On s’étonnera quand même que sur ces dernières décisions notre Conseil constitutionnel donne le sentiment de privilégier le plus fort sur le plus faible quand on attend de lui qui soit le garant des droits fondamentaux : l’agresseur sexuel sur sa victime en annulant la loi sur l’inceste, le harceleur  sur sa victime et, en l’espèce, le parent sur l’enfant ? Dois-je aussi rappeler que les mêmes juges ont validé la loi du 10 août 2011 sur le tribunal correctionnel pour mineurs en avançant que, certes ces juridictions n’étaient pas spécialisées comme il l’exigeait jusqu’ici, mais qu’après tout comme elles devaient appliquer le droit pénal des mineurs, il n’y avait pas à s’inquiéter.

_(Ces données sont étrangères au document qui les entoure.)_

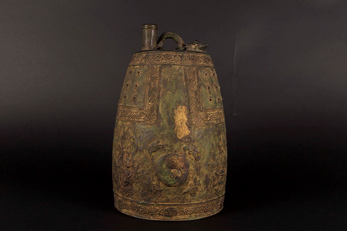 Campana con decoro d'ispirazione arcaica in bronzo con manico a guisa di drago, Cina, Dinastia Ming, XVI secolo

Nul n'ignore que le droit n’est pas neutre et que les juges ne le sont pas plus même quand on les qualifie de « Sages » : ils ont des valeurs de référence qui leur permettent ensuite de lire la loi comme ils l’entendent ! Le dispositif de nomination ou d’appartenance des membres du Conseil Constitutionnel n’offre aucune garantie de neutralité. Cela a été ainsi de tous temps et le restera. Au corps social de mettre en avant les valeurs auquel il croit et un jour, le droit finit par céder comme un fruit mûr tombe immanquablement,

Il nous appartient plus que jamais de convaincre que le droit de chacun à son histoire est un droit humain et qu’il ne doit pas être sacrifié sur l’autel des droits des adultes alors qu’aujourd’hui, au-delà des poncifs régulièrement développés, notre droit reste adultocentré.